SUPPLIED RECORDS

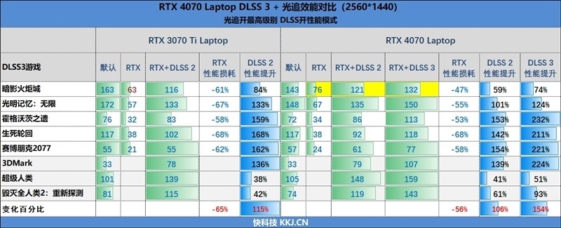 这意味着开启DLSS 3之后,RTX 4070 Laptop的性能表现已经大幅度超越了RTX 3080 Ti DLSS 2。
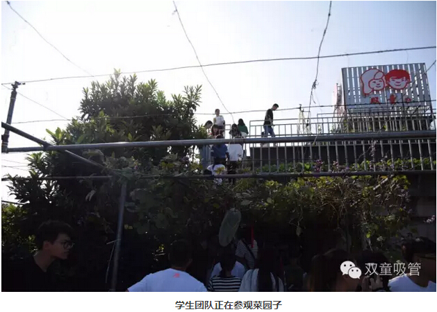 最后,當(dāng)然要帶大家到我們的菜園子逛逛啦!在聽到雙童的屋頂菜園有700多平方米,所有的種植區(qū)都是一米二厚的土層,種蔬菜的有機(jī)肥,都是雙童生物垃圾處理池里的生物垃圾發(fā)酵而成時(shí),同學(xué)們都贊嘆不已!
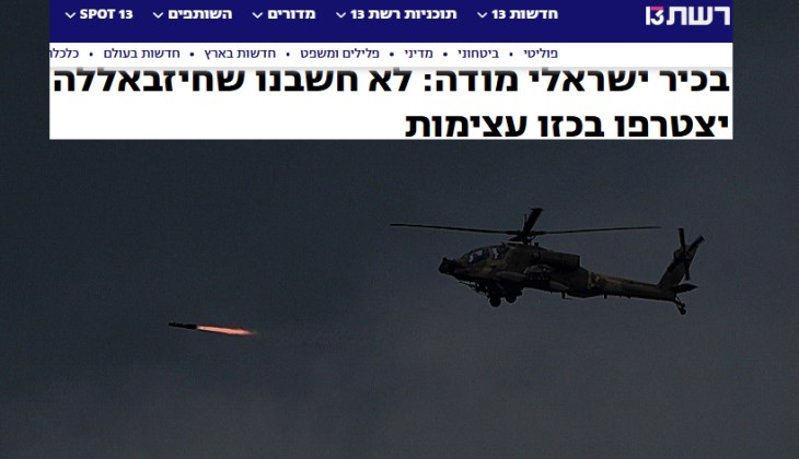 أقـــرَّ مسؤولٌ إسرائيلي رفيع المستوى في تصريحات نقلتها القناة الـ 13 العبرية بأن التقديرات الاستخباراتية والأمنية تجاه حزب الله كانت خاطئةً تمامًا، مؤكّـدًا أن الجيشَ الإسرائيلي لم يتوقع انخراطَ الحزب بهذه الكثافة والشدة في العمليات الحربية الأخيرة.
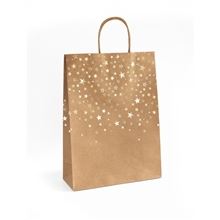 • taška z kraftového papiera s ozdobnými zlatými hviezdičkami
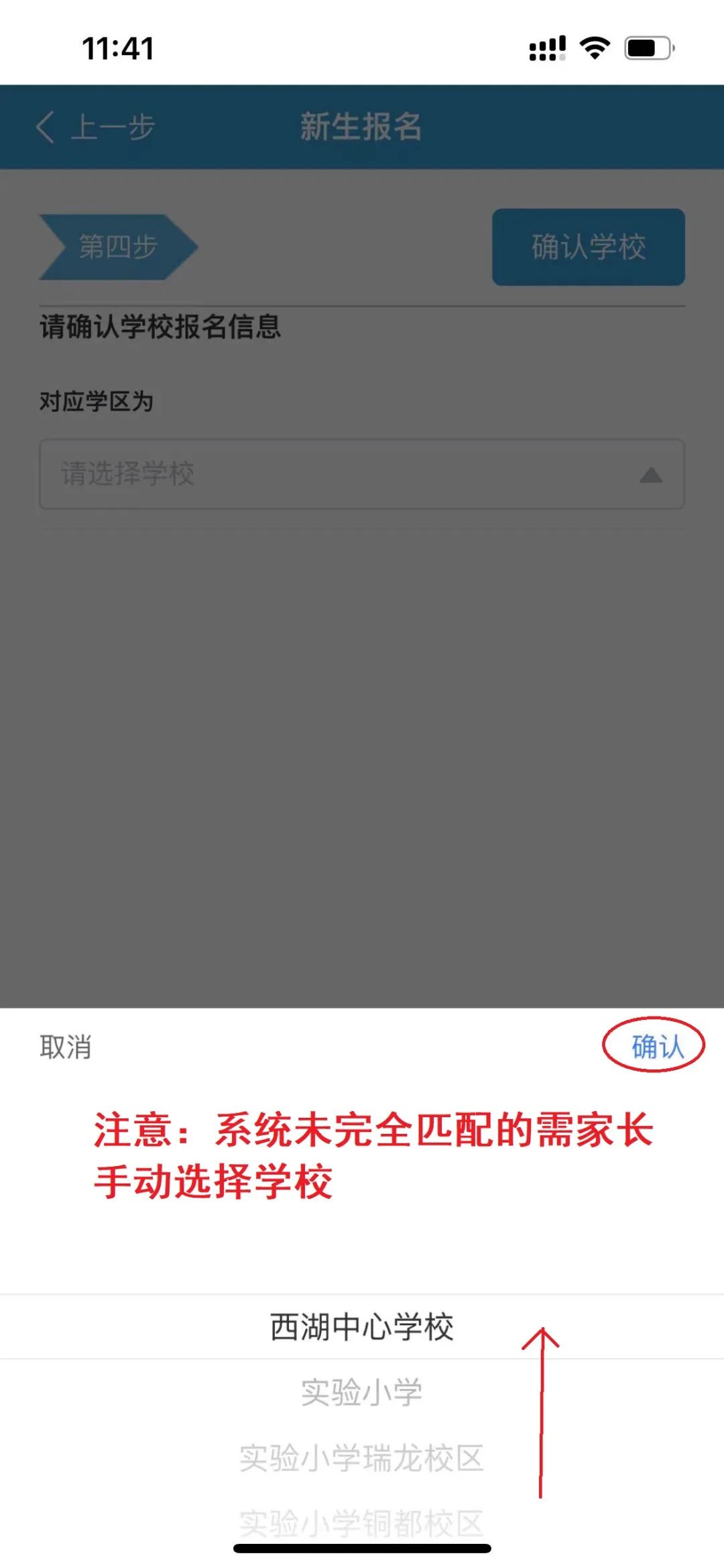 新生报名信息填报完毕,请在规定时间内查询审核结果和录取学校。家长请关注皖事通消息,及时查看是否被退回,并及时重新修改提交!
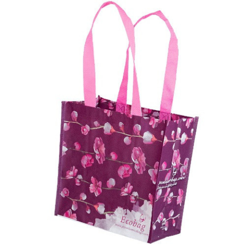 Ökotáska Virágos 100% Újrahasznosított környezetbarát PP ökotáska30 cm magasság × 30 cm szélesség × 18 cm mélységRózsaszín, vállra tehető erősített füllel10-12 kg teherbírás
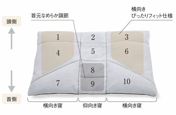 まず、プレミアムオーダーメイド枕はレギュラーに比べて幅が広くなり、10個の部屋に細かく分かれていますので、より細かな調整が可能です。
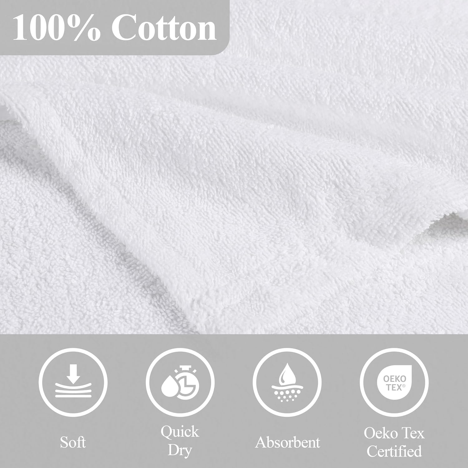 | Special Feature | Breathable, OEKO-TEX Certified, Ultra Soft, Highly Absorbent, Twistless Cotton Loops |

EXERCISE DETAILS
Restate the data word for word while omitting each picture.

ANSWER TO THIS TASK
 这意味着开启DLSS 3之后,RTX 4070 Laptop的性能表现已经大幅度超越了RTX 3080 Ti DLSS 2。
 最后,當(dāng)然要帶大家到我們的菜園子逛逛啦!在聽到雙童的屋頂菜園有700多平方米,所有的種植區(qū)都是一米二厚的土層,種蔬菜的有機(jī)肥,都是雙童生物垃圾處理池里的生物垃圾發(fā)酵而成時(shí),同學(xué)們都贊嘆不已!
 أقـــرَّ مسؤولٌ إسرائيلي رفيع المستوى في تصريحات نقلتها القناة الـ 13 العبرية بأن التقديرات الاستخباراتية والأمنية تجاه حزب الله كانت خاطئةً تمامًا، مؤكّـدًا أن الجيشَ الإسرائيلي لم يتوقع انخراطَ الحزب بهذه الكثافة والشدة في العمليات الحربية الأخيرة.
 • taška z kraftového papiera s ozdobnými zlatými hviezdičkami
 新生报名信息填报完毕,请在规定时间内查询审核结果和录取学校。家长请关注皖事通消息,及时查看是否被退回,并及时重新修改提交!
 Ökotáska Virágos 100% Újrahasznosított környezetbarát PP ökotáska30 cm magasság × 30 cm szélesség × 18 cm mélységRózsaszín, vállra tehető erősített füllel10-12 kg teherbírás
 まず、プレミアムオーダーメイド枕はレギュラーに比べて幅が広くなり、10個の部屋に細かく分かれていますので、より細かな調整が可能です。
 | Special Feature | Breathable, OEKO-TEX Certified, Ultra Soft, Highly Absorbent, Twistless Cotton Loops |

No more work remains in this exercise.